As you can see in the plot above, only stud is able to scale properly. stunnel is not able to take advantage of the cores and its performances are worse than with a single core. I think this may be due to its threaded model and the fact that the userland for this 32bit system is a bit old. nginx is able to achieve the same TPS than stud but is disqualified because of the increased latency. We won’t use stunnel in the remaining tests.

32bit vs 64bit

The easiest way to achieve a performance boost is to switch to a 64bit system. TPS are doubled. On our 64bit system, thanks to the use of a version of OpenSSL with the appropriate support, AES-NI, a CPU extension to improve the speed of AES encryption/decryption, is enabled. Remaining tests are done with a 64bit system.

stud vs nginx, 64bit

Ciphers and key sizes

In our tests, the influence of ciphers is minimal. There is almost no difference between AES256 and AES128. Using RC4 adds some latency. The use of AES-NI may have helped to avoid this latency for AES.

On the other hand, using a 2048bit key size has a huge performance hit. TPS are divided by 5.

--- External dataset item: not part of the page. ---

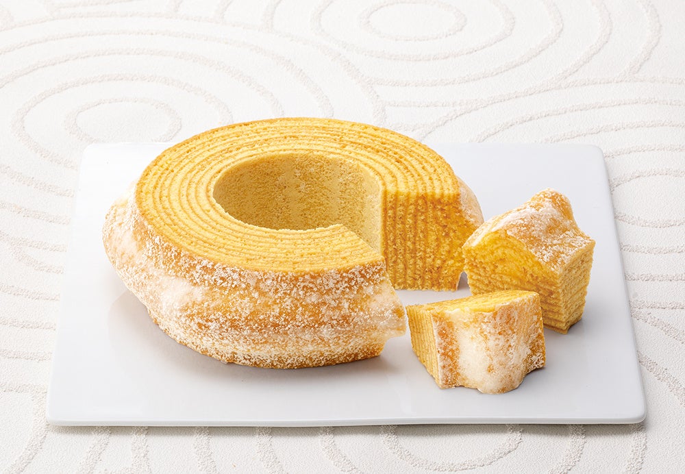 ねんりん家の誇る⼆⼤バームクーヘンのひとつ「ストレートバーム やわらか芽」。⽇本の味覚にふさわしい柔らかさを⽬指し、たっぷりの卵を贅沢に使ってふっくらとジューシーに焼きあげました。

stud: cipher suites and key sizes

Session cache

The last thing to check is the influence of SSL session reuse. Since we are on a local network, we see only one of the positive effects of session reuse: better TPS because of reduced CPU usages. If there was a latency penalty, we should also have seen better TPS thanks to the removed round-trip.

stud: session reuse

This plot also explains why stud performances fall after the maximum: because of the failed transactions, the session cache is not as efficient. This phenomenon does not exist when session reuse is not enabled.

Conclusion

Here is a summary of the maximum TPS reached during the benchmark (with an average response time below 100ms). Our control use case is the following: 64bit, 6 cores, AES128, SHA1, 1024bit key, 4 requests into the same SSL session.

Context nginx 1.0.5 stunnel 4.41 stud 0.1 (patched)
1 core, 32bit 512 TPS 503 TPS 766 TPS
2 cores, 32bit 599 TPS - -
32bit 804 TPS 501 TPS 4251 TPS
- 1799 TPS - 9000 TPS
AES256 - - 8880 TPS
RC4-MD5 - - 7370 TPS
2048bit - - 1643 TPS
no session reuse - - 5844 TPS
80 requests per SSL session - - 10797 TPS

Therefore, stud in our control scenario is able to sustain 1500 TPS per core. It seems to be the best current option for a SSL termination. It is not available in Debian yet, but I intend to package it.

Here is how stud is invoked:

# ulimit -n 100000
# stud  -n 2 -f 172.31.200.15,443 -b 127.0.0.1,80 -c ALL \
>   -B 1000 -C 20000 --write-proxy \
>   =(cat server1024.crt server1024.key dhe1024)

You may also want to look at HAProxy configuration, nginx configuration and stunnel configuration.

UPDATED: More benchmarks are available in the second part. Keep reading!


  1. In fact, stunnel also has simple round-robin load balancing by specifying connect multiple times in the configuration.